For $1 < p < \infty$: the Riesz potential of $f \in L^p$ has $\|I_1 f\|_{W^{1,p}(\mathbb{R}^n)} \le C_n \|f\|_{L^p}$ (after subtracting an additive constant if needed; this is the classical fractional integration estimate), and $I_1 f \ge c_n M^* f$ pointwise modulo lower-order terms. Setting $w_\lambda := I_1 f / (c_n \lambda)$, we obtain $w_\lambda \ge 1$ on the level set $\{M^* f > \lambda\}$, with $\|w_\lambda\|_{W^{1,p}} \le C_n (c_n \lambda)^{-1} \|f\|_{L^p}$. Raising to the $p$-th power and using the definition of capacity:
\begin{align*}
\operatorname{Cap}_p(\{M^* f > \lambda\}) \le \|w_\lambda\|_{W^{1,p}}^p \le C_n' \lambda^{-p} \|f\|_{L^p}^p.
\end{align*}
For $p = 1$: the same conclusion holds with a weak-type variant, using that $M^*: L^1 \to L^{1, \infty}$ is bounded (Hardy–Littlewood) combined with the Sobolev embedding at the level of weak Lebesgue spaces.

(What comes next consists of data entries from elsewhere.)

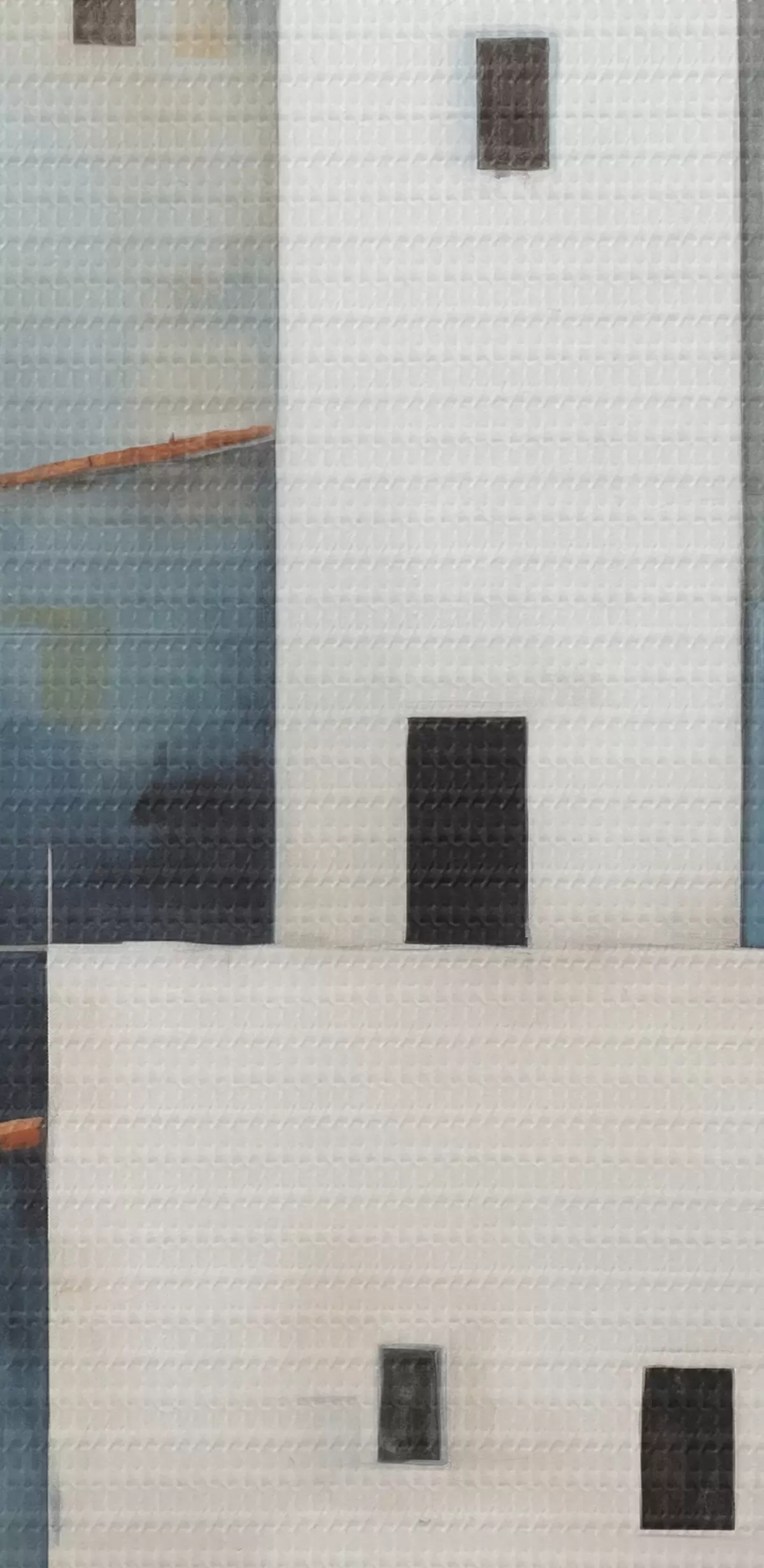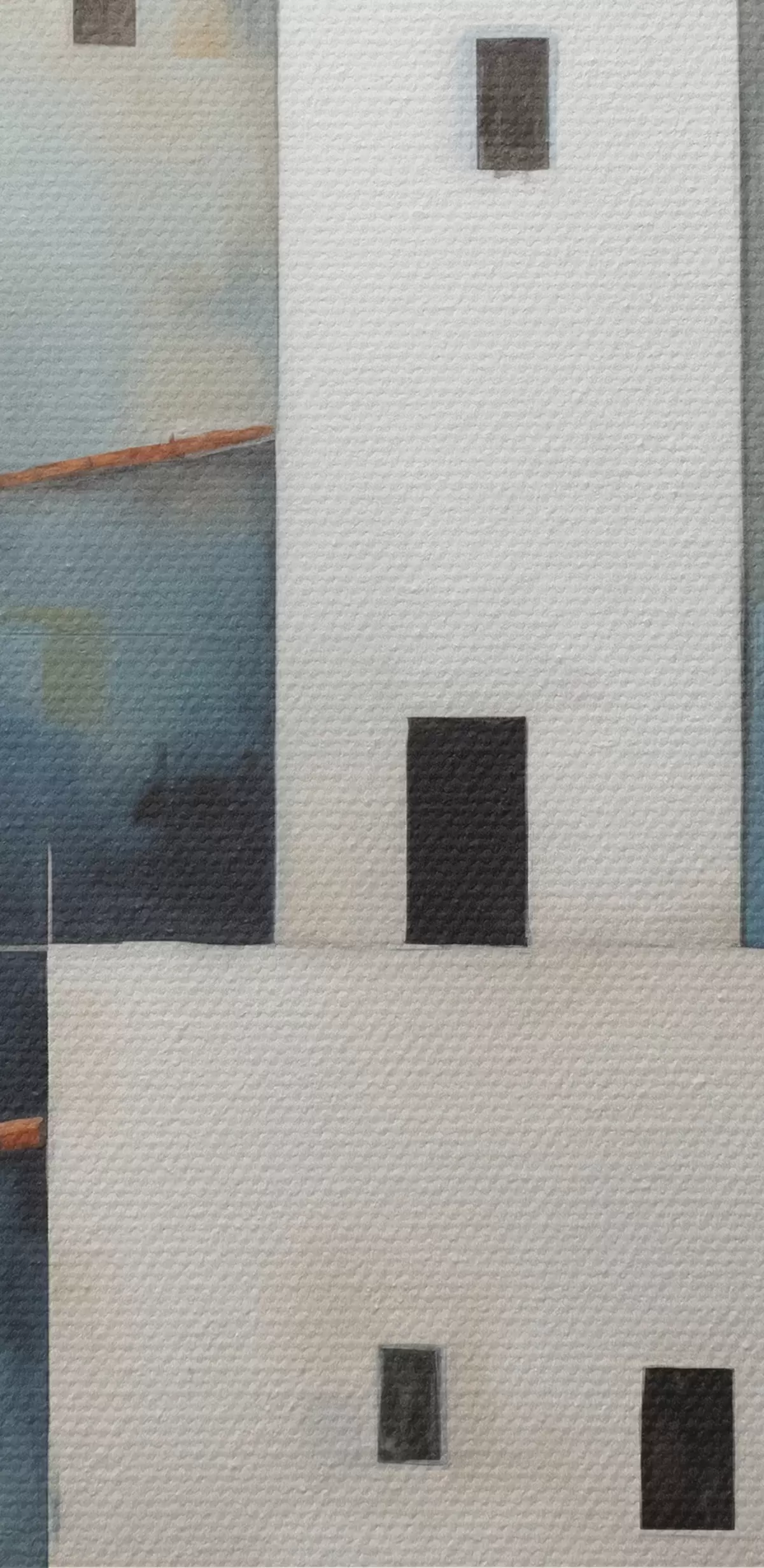 Schilderij Witte gestileerde huizen abstract, rood, oranje, geel, blauwe kleur Art. s40531
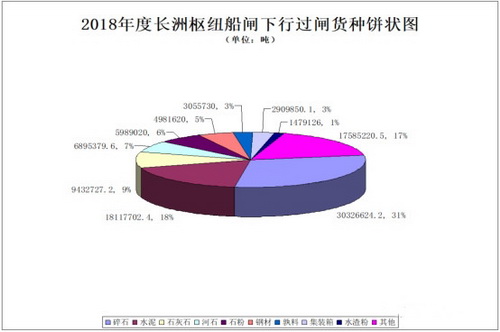 據統計,2018年長洲樞紐船閘下行過閘貨物通過量為10077.3萬噸,同比增長50.5%,其中增幅較大的貨種有碎石和石灰石等,增幅分別為98.3%和92.7%;上行過閘貨物通過量為3101.9萬噸,同比下降2.5%,其中砂209.3萬噸,同比下降60.0%,其他貨種相對平穩。
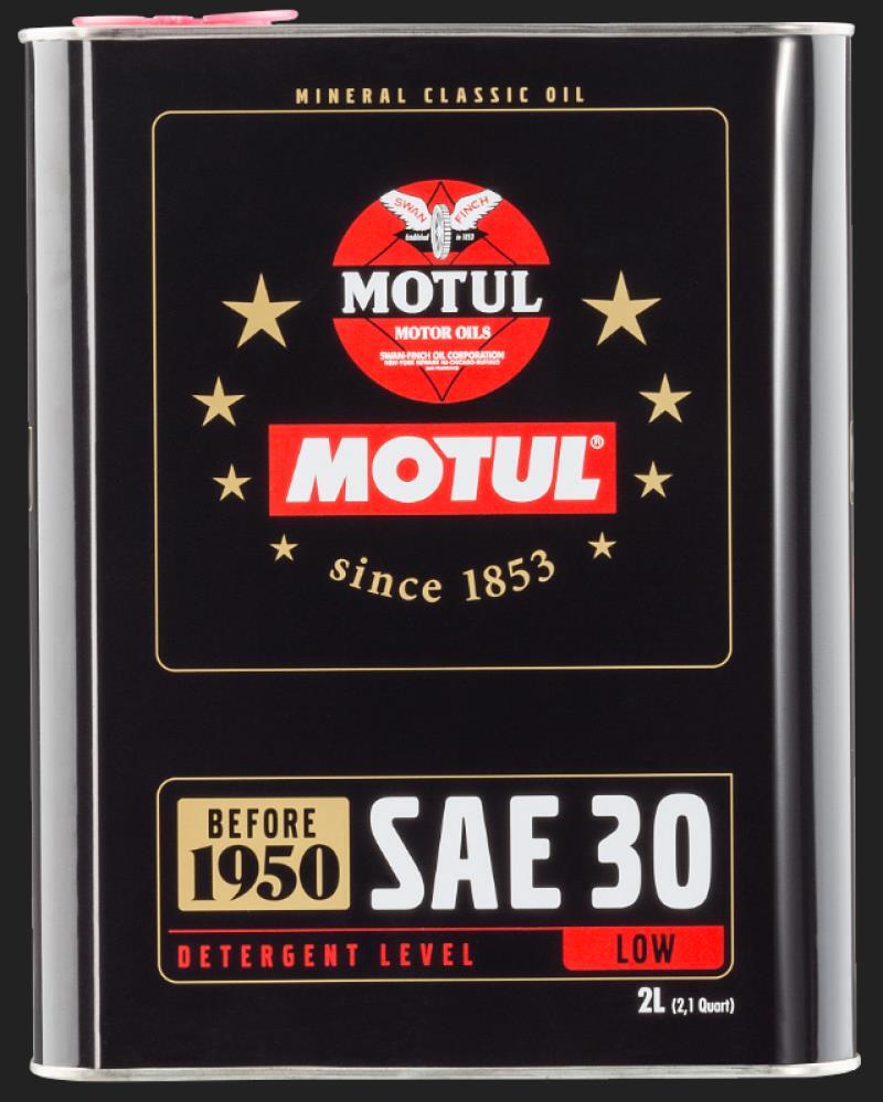 Mineral engine lubricant perfectly suitable for original engines as well as gearboxes built between 1900 and 1950. This product is formulated with very low detergent level for a complete compatibility with paper / felt / fabric gaskets. It has small detergent level to avoid excessive soot and deposits removing in the lubricating circuit. It can be used as break-in oil if drain intervals are shorten and offers complete compatibility with nonferrous metals as brass, bronze, copper. Reinforced adherence for easier startup even after a long period of immobilization. Mineral Monograde; 4 Stroke Engine Oil For Classic Cars and vehicles Drain interval: drain at least once a year.

The hypothesis $u \in W^{1,p}(\mathbb{R}^n)$ gives $f = |\nabla u| \in L^p(\mathbb{R}^n)$, and $\|f\|_{L^p} \le \|u\|_{W^{1,p}}$. Substituting,
\begin{align*}
\operatorname{Cap}_p(E_\lambda) \le C_n \lambda^{-p} \|u\|_{W^{1,p}}^p.
\end{align*}
For large $\lambda$, this bound is small.[/guided]